• **DIRECTIONS FOR THIS TASK**: Retype the listing exactly. Leave out the images.

• **SUPPLIED DATA**:
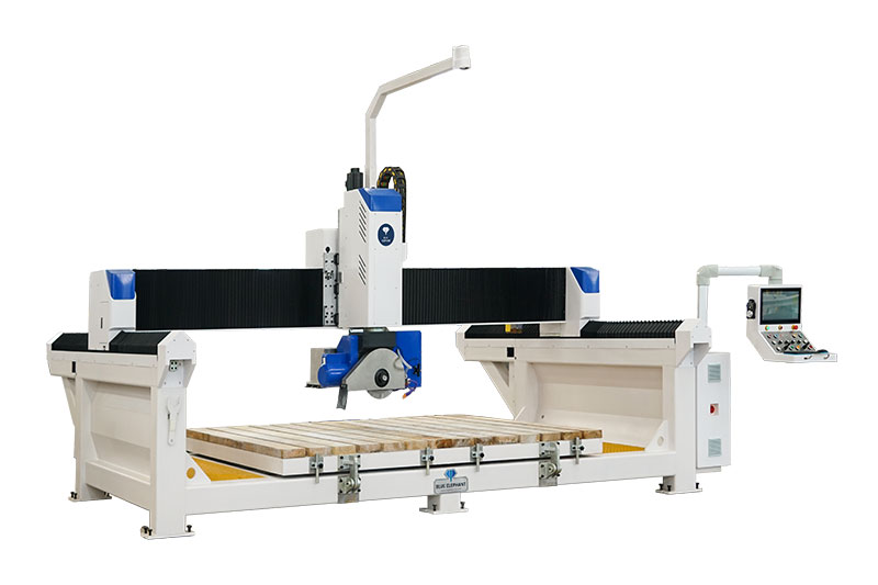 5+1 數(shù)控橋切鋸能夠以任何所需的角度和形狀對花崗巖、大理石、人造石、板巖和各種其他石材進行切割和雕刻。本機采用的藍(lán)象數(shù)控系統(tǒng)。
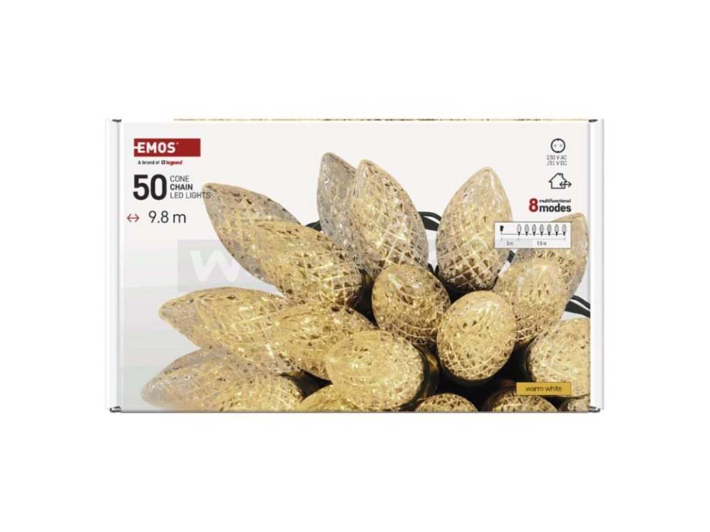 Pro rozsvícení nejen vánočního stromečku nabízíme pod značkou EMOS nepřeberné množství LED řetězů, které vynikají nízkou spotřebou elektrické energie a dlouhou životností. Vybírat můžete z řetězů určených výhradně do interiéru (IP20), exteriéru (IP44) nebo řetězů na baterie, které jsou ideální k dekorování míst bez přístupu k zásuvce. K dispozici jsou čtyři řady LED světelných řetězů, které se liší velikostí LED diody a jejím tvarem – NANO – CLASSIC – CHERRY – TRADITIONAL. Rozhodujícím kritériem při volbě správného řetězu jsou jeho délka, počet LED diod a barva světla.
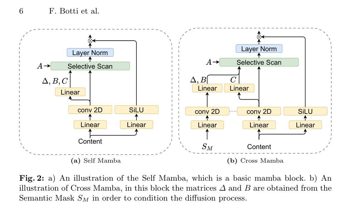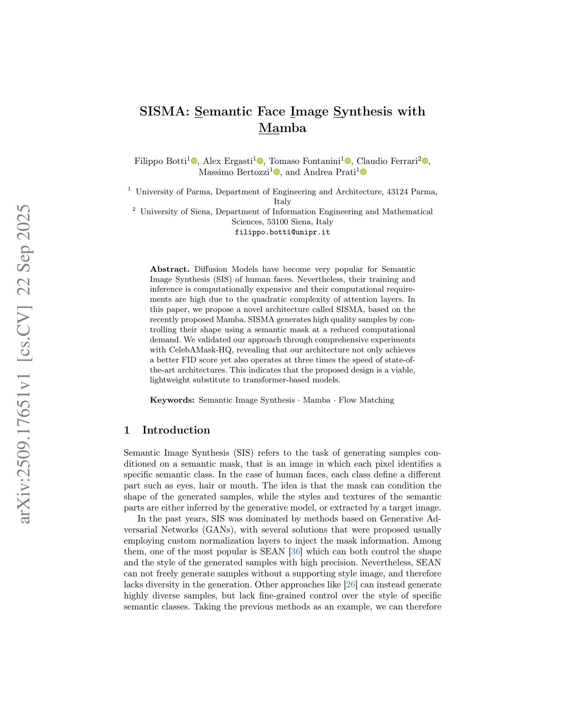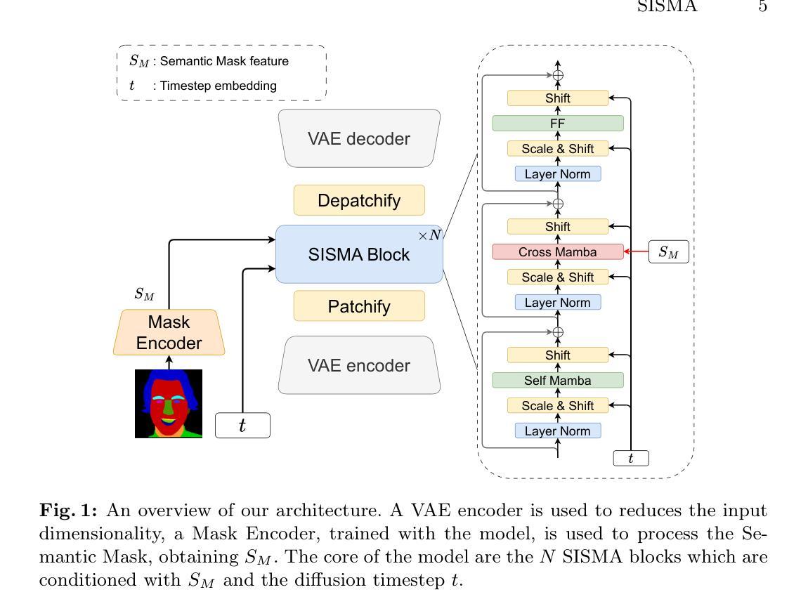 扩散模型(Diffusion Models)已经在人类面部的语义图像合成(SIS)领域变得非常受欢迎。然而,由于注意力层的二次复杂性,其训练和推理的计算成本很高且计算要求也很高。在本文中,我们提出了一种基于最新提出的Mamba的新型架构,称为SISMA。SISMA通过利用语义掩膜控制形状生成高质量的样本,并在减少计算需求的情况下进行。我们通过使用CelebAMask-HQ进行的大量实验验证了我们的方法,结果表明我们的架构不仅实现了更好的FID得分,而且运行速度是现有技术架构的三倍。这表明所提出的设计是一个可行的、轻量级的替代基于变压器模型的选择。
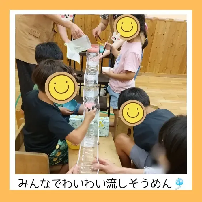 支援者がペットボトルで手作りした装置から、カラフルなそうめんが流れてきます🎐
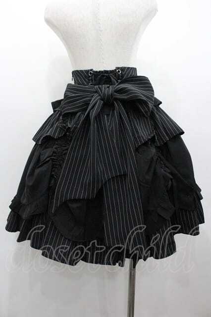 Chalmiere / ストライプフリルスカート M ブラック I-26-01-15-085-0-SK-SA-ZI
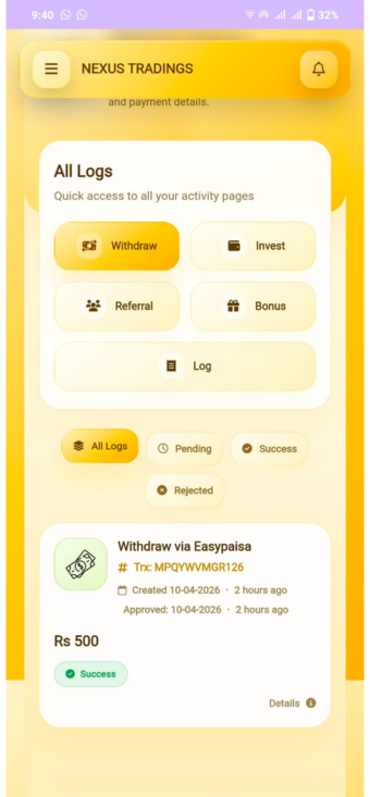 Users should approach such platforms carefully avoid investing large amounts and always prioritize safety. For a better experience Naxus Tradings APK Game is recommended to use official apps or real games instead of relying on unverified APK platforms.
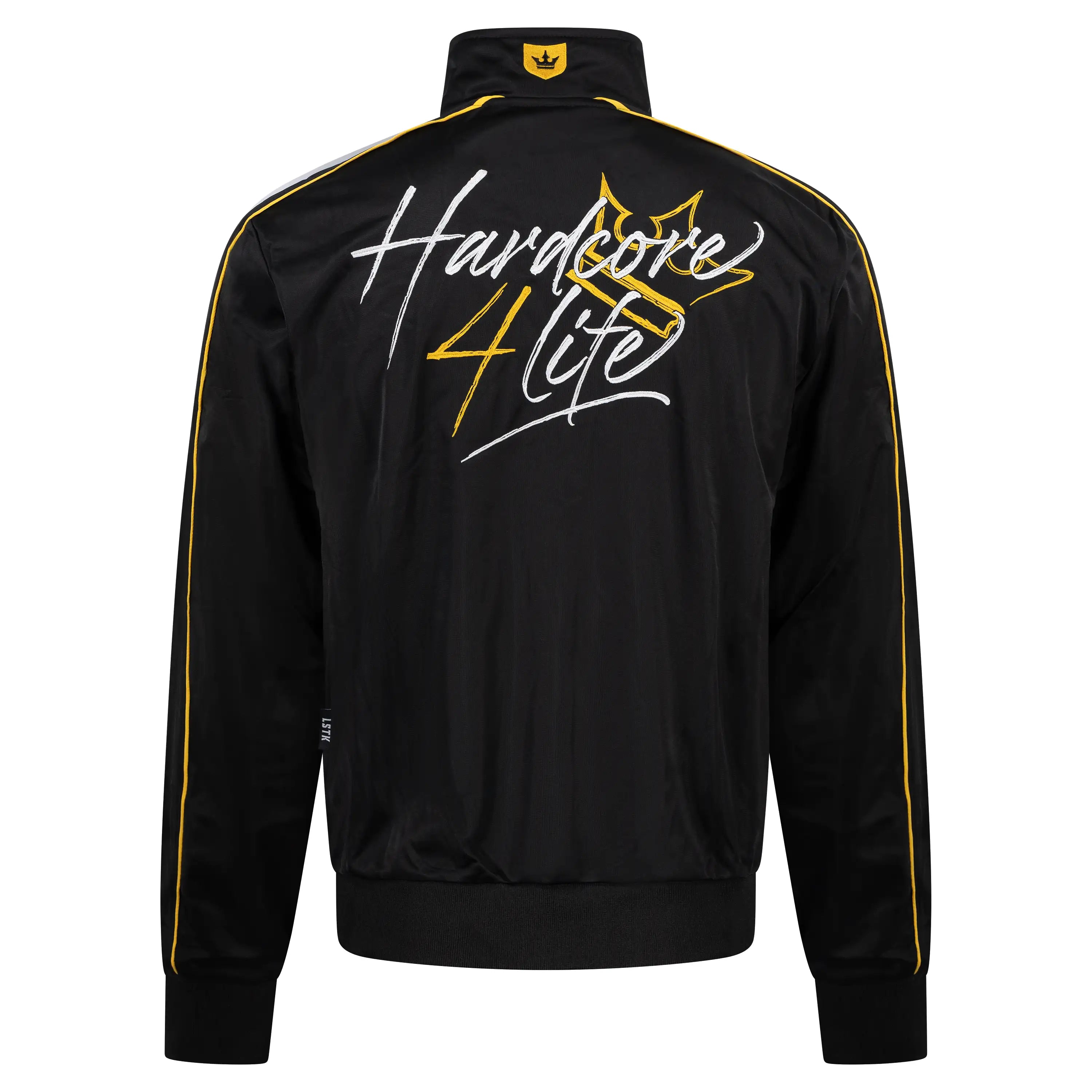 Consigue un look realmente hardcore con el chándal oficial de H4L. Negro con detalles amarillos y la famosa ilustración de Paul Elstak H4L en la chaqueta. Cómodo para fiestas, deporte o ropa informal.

• **OUTPUT FOR THIS TASK**:
 5+1 數(shù)控橋切鋸能夠以任何所需的角度和形狀對花崗巖、大理石、人造石、板巖和各種其他石材進行切割和雕刻。本機采用的藍(lán)象數(shù)控系統(tǒng)。
 Pro rozsvícení nejen vánočního stromečku nabízíme pod značkou EMOS nepřeberné množství LED řetězů, které vynikají nízkou spotřebou elektrické energie a dlouhou životností. Vybírat můžete z řetězů určených výhradně do interiéru (IP20), exteriéru (IP44) nebo řetězů na baterie, které jsou ideální k dekorování míst bez přístupu k zásuvce. K dispozici jsou čtyři řady LED světelných řetězů, které se liší velikostí LED diody a jejím tvarem – NANO – CLASSIC – CHERRY – TRADITIONAL. Rozhodujícím kritériem při volbě správného řetězu jsou jeho délka, počet LED diod a barva světla.
 扩散模型(Diffusion Models)已经在人类面部的语义图像合成(SIS)领域变得非常受欢迎。然而,由于注意力层的二次复杂性,其训练和推理的计算成本很高且计算要求也很高。在本文中,我们提出了一种基于最新提出的Mamba的新型架构,称为SISMA。SISMA通过利用语义掩膜控制形状生成高质量的样本,并在减少计算需求的情况下进行。我们通过使用CelebAMask-HQ进行的大量实验验证了我们的方法,结果表明我们的架构不仅实现了更好的FID得分,而且运行速度是现有技术架构的三倍。这表明所提出的设计是一个可行的、轻量级的替代基于变压器模型的选择。
 支援者がペットボトルで手作りした装置から、カラフルなそうめんが流れてきます🎐
 Chalmiere / ストライプフリルスカート M ブラック I-26-01-15-085-0-SK-SA-ZI
 Users should approach such platforms carefully avoid investing large amounts and always prioritize safety. For a better experience Naxus Tradings APK Game is recommended to use official apps or real games instead of relying on unverified APK platforms.
 Consigue un look realmente hardcore con el chándal oficial de H4L. Negro con detalles amarillos y la famosa ilustración de Paul Elstak H4L en la chaqueta. Cómodo para fiestas, deporte o ropa informal.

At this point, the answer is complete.